> _What you should do_
Transcribe the entries exactly as they stand below, passing over any picture.

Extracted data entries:
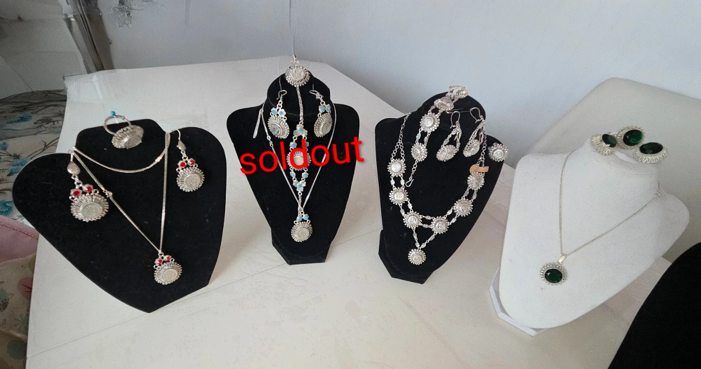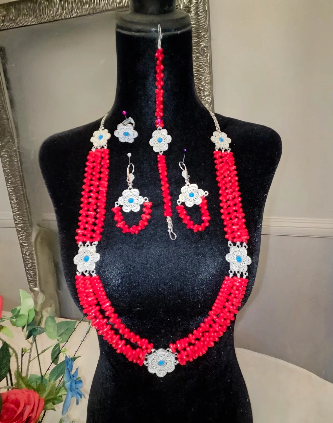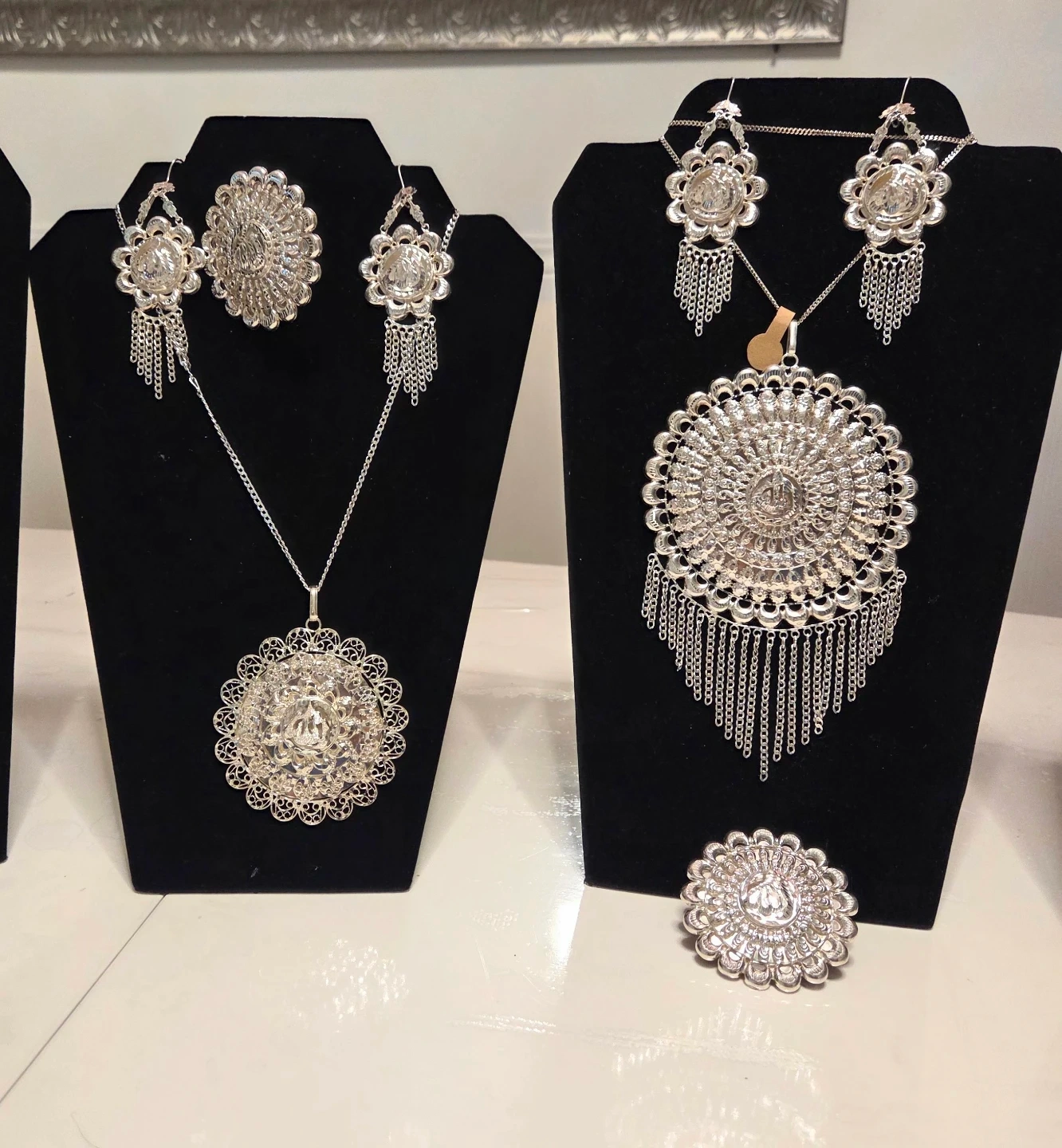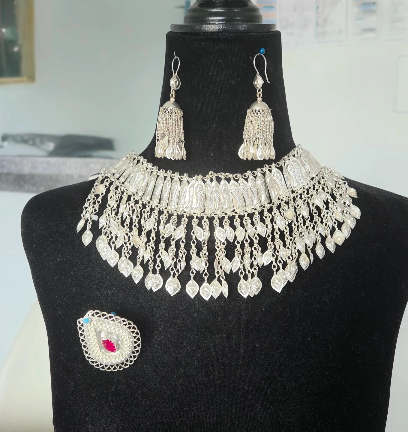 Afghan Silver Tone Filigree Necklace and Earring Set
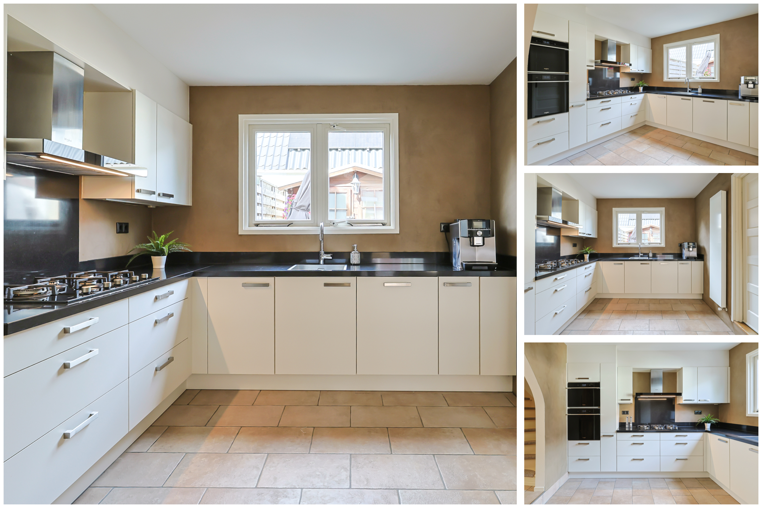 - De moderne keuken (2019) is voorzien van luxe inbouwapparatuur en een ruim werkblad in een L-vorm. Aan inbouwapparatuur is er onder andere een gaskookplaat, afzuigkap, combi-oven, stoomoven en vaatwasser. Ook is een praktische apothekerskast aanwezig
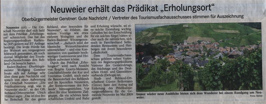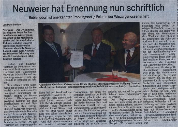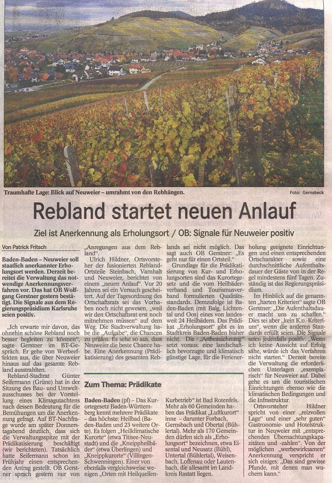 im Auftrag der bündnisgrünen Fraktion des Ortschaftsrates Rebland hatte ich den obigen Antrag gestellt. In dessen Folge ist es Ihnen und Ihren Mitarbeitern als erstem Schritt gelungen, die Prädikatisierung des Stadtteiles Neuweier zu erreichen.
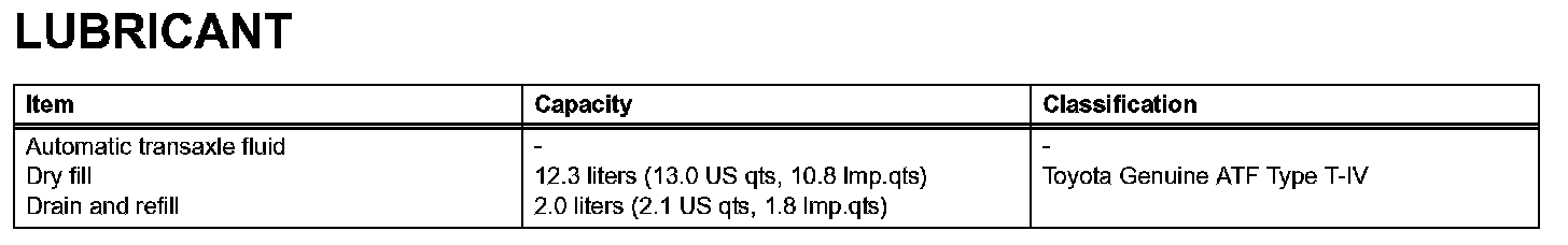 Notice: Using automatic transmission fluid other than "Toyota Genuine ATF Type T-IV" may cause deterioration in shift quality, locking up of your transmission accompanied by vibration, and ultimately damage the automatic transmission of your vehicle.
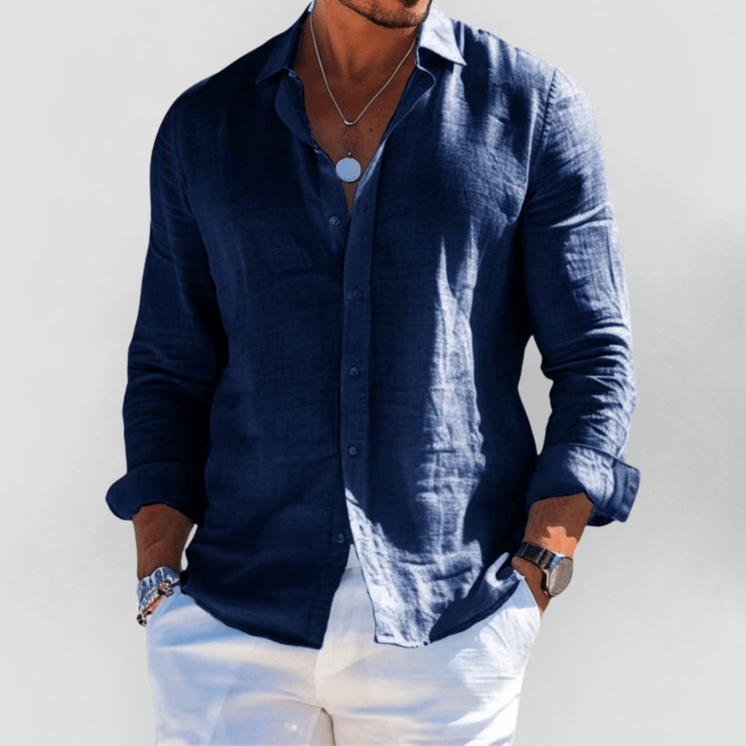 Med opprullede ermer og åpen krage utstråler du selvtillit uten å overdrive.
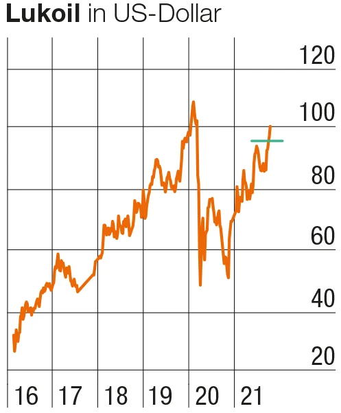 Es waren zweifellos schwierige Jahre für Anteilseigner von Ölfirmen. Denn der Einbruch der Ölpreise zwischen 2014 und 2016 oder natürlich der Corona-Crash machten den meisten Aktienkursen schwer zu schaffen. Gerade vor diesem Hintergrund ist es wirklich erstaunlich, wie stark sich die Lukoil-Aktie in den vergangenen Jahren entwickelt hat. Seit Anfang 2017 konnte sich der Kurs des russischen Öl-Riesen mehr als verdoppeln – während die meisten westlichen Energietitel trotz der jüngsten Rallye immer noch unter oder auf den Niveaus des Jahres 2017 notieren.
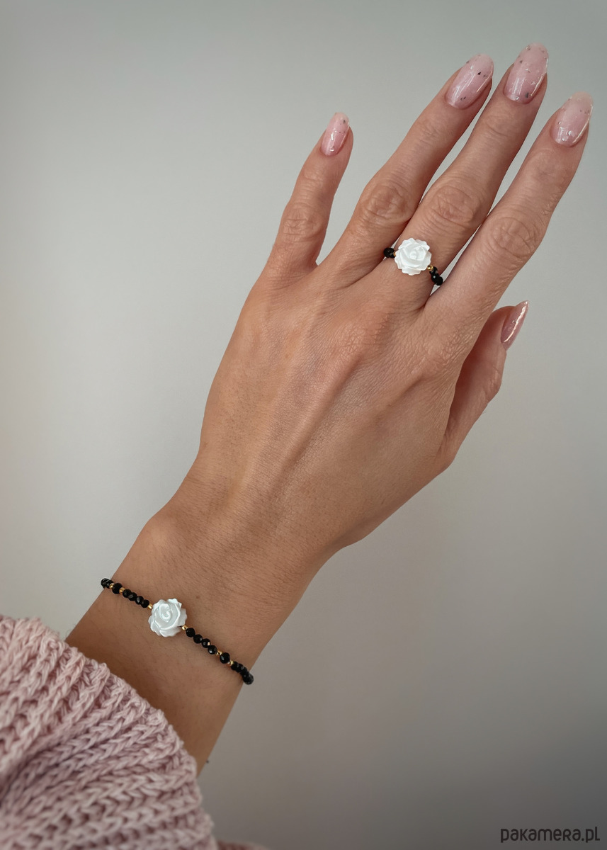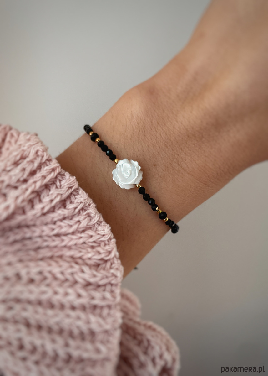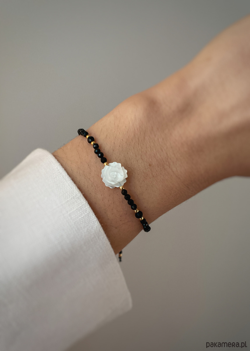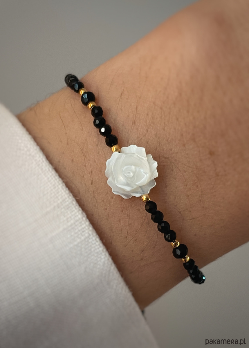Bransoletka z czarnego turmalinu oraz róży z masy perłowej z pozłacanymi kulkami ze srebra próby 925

> _Solution below_
 Afghan Silver Tone Filigree Necklace and Earring Set
 - De moderne keuken (2019) is voorzien van luxe inbouwapparatuur en een ruim werkblad in een L-vorm. Aan inbouwapparatuur is er onder andere een gaskookplaat, afzuigkap, combi-oven, stoomoven en vaatwasser. Ook is een praktische apothekerskast aanwezig
 im Auftrag der bündnisgrünen Fraktion des Ortschaftsrates Rebland hatte ich den obigen Antrag gestellt. In dessen Folge ist es Ihnen und Ihren Mitarbeitern als erstem Schritt gelungen, die Prädikatisierung des Stadtteiles Neuweier zu erreichen.
 Notice: Using automatic transmission fluid other than "Toyota Genuine ATF Type T-IV" may cause deterioration in shift quality, locking up of your transmission accompanied by vibration, and ultimately damage the automatic transmission of your vehicle.
 Med opprullede ermer og åpen krage utstråler du selvtillit uten å overdrive.
 Es waren zweifellos schwierige Jahre für Anteilseigner von Ölfirmen. Denn der Einbruch der Ölpreise zwischen 2014 und 2016 oder natürlich der Corona-Crash machten den meisten Aktienkursen schwer zu schaffen. Gerade vor diesem Hintergrund ist es wirklich erstaunlich, wie stark sich die Lukoil-Aktie in den vergangenen Jahren entwickelt hat. Seit Anfang 2017 konnte sich der Kurs des russischen Öl-Riesen mehr als verdoppeln – während die meisten westlichen Energietitel trotz der jüngsten Rallye immer noch unter oder auf den Niveaus des Jahres 2017 notieren.
Bransoletka z czarnego turmalinu oraz róży z masy perłowej z pozłacanymi kulkami ze srebra próby 925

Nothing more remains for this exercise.